NEW YORK – Cognitive-behavioral therapy seems to ramp up the beneficial effect of antidepressant treatment for children and teens.
About 60% of youngsters will respond favorably to their first antidepressant medication – generally a selective serotonin reuptake inhibitor (SSRI), Dr. Karen D. Wagner said at a psychopharmacology update held by the American Academy of Child and Adolescent Psychiatry.
Switching to a different antidepressant will help about 50% of those who don’t respond. But adding psychotherapy will grab about 10% more – bringing the total response rate up to around 70%, said Dr. Wagner of the University of Texas Medical Branch, Galveston.
The landmark TORDIA (Treatment of Resistant Depression in Adolescents) study showed very clearly that piggybacking both treatments is more effective than using medication alone (JAMA 2008;299:785-92).
The study was published in 2008 but remains a key piece of clinical evidence for helping youngsters with treatment-resistant depression. It included about 300 teens who failed their initial 8-week SSRI therapy. They were then randomized to 12 weeks of switching to a different SSRI alone; switching to venlafaxine alone; or switching to either of the drugs plus cognitive-behavioral therapy (CBT).
Adding CBT to either medication showed a higher response rate (55%) than did the medication alone (40%). The new drugs alone were equally effective (new SSRI, 47%; venlafaxine, 48%).
TORDIA could give the impression that psychotherapy might be the best choice for initial treatment, Dr. Wagner said. While it is a great add-on, the timing of CBT response is a big consideration.
"CBT certainly increases the pool of patients who will respond, but it is not as effective initially as medication. CBT eventually does catch up, but if you have a child with moderate to severe depression, the question is: Do we have the time for that? I tend to encourage parents to think about medication first if we don’t have many months to wait for a child to get well."

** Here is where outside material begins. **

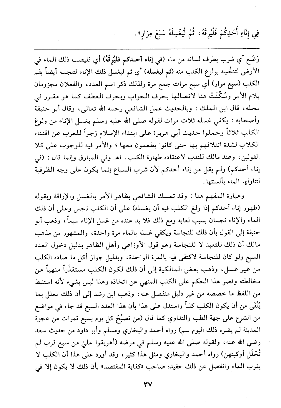 وعبارة المفهم هنا: وقد تمسك الشافعي بظاهر الأمر بالغسل والإراقة وبقوله (طهور إناء أحدكم إذا ولغ الكلب فيه أن يغسله) على أن الكلب نجس وعلى أن ذلك الماء والإناء نجسان بسبب لعابه ومع ذلك فلا بد عنده من غسل الإناء سبعًا، وذهب أبو حنيفة إلى القول بأن ذلك للنجاسة ويكفي غسله بالماء مرة واحدة، والمشهور من مذهب مالك أن ذلك للتعبد لا للنجاسة وهو قول الأوزاعي وأهل الظاهر بدليل دخول العدد السبع ولو كان للنجاسة لاكتفى فيه بالمرة الواحدة، وبدليل جواز أكل ما صاده الكلب من غير غسل، وذهب بعض المالكية إلى أن ذلك لكون الكلب مستقذَرًا منهيًا عن مخالطته وقصر هذا الحكم على الكلب المنهي عن اتخاذه وهذا ليس بشيء لأنه استنبط من اللفظ ما خصصه من غير دليل منفصل عنه، وذهب ابن رشد إلى أن ذلك معلل بما يُتَّقَى من أن يكون الكلب كلبًا واستدل على هذا بأن هذا العدد السبع قد جاء في مواضع من الشرع على جهة الطب والتداوي كما قال (من تصبَّحَ كل يوم بسبع تمرات من عجوة المدينة لم يضره ذلك اليوم سم) رواه أحمد والبخاري ومسلم وأبو داود من حديث سعد رضي الله عنه، ولقوله صلى الله عليه وسلم في مرضه (أهريقوا عليّ من سبع قرب لم تُحْلَل أوكيتهن) رواه أحمد والبخاري ومثل هذا كثير، وقد أورد على هذا أن الكلب لا يقرب الماء وانفصل عن ذلك حفيده صاحب "كفاية المقتصد" بأن ذلك لا يكون إلا في

Choosing among off-label medications
Venlafaxine is one of many antidepressants that are not approved for use in children and teens. Treating depression in youngsters almost always means off-label prescribing. Only two antidepressants – fluoxetine and escitalopram – are Food and Drug Administration–approved for children and teens, and only fluoxetine is approved for children younger than 12 years. And data are actually mixed about fluoxetine; a recent published study showed it was no different from placebo over 6 months.

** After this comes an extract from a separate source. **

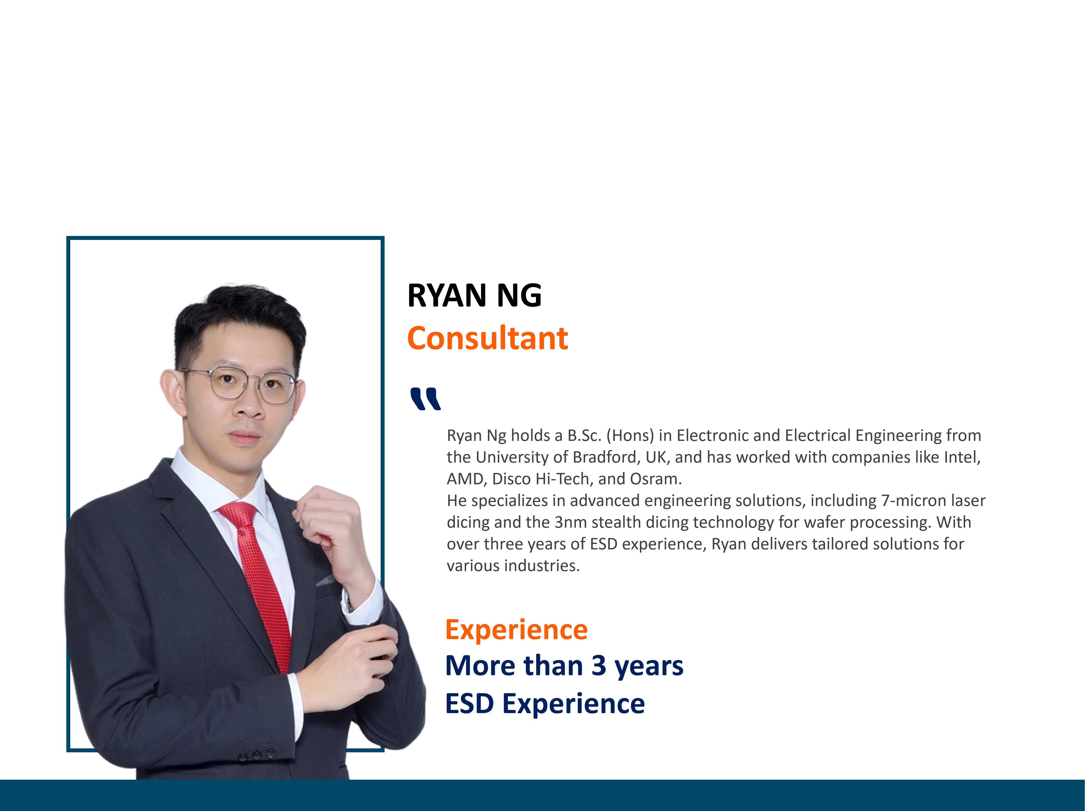 • Currently, Ryan has over three years of ESD experience, specializing in providing tailored ESD solutions for various industries.

Of the older, more well-known antidepressants, only two have positive data for youngsters. One randomized study of citalopram posted positive findings for its primary endpoint (Am. J. Psychiatry 2004;161:1079-83). The other is sertraline, which had positive overall findings in a pooled analysis, although the individual studies were negative (JAMA 2003;290:1033-41).
Studies on all of the other drugs were negative, including mirtazapine (two studies), nefazodone (two), paroxetine (three), and venlafaxine (two). This doesn’t mean the medications won’t work – they do benefit some children, Dr. Wagner said. But parents need to know that the studies in children were not positive. However, she added, the safety profiles were all reasonably good.

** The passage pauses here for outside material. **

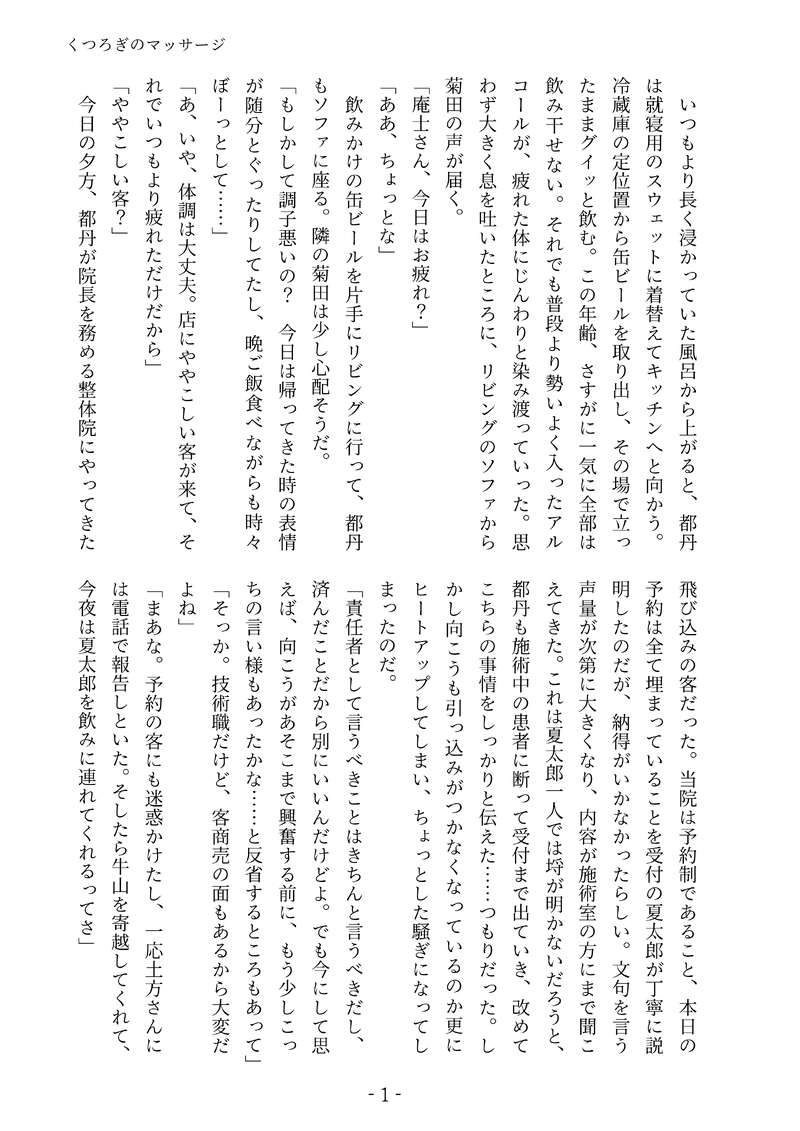 「くつろぎのマッサージ」(※現パロ菊トニSS、全年齢)

There are no pediatric safety or efficacy data on any of the new antidepressants. That list includes vilazodone, desvenlafaxine, levomilnacipran, vortioxetine, as well as the less-traditional choices of l-methylfolate and ketamine.
"When you’re thinking about a treatment algorithm, these should be very, very low on the list," Dr. Wagner said. "And make sure to let parents know there are some safety and efficacy data in adults, but they have never been studied in children or adolescents."
Duloxetine disappoints in latest studies
The newest evidence for duloxetine in youngsters with depression looks lousy.
In two highly anticipated, yet-unpublished, phase III trials, duloxetine and fluoxetine – which is already approved for kids – completely fell apart relative to placebo, Dr. Wagner said.
The studies were both sponsored by Eli Lilly; they comprised a total of about 1,000 children and teens. Both included 10-week acute treatment phases followed by 6-month extensions.
The first study randomized patients to up to 120 mg of duloxetine, up to 40 mg of fluoxetine, or placebo for 10 weeks. After that, those who were taking placebo crossed over to up to 120 mg of duloxetine for 6 months. The other regimens remained stable.
By 10 weeks, the mean decrease in the Children’s Depression Rating Scale was 24.3 points for duloxetine, 23.7 points for fluoxetine, and 24.3 points for placebo. By 36 weeks, the CDRS for children still taking duloxetine had decreased another 7 points. It decreased by an additional 9.9 points in those who continued fluoxetine, and by 9.6 points in those who crossed over to duloxetine. None of the between-group differences were significant.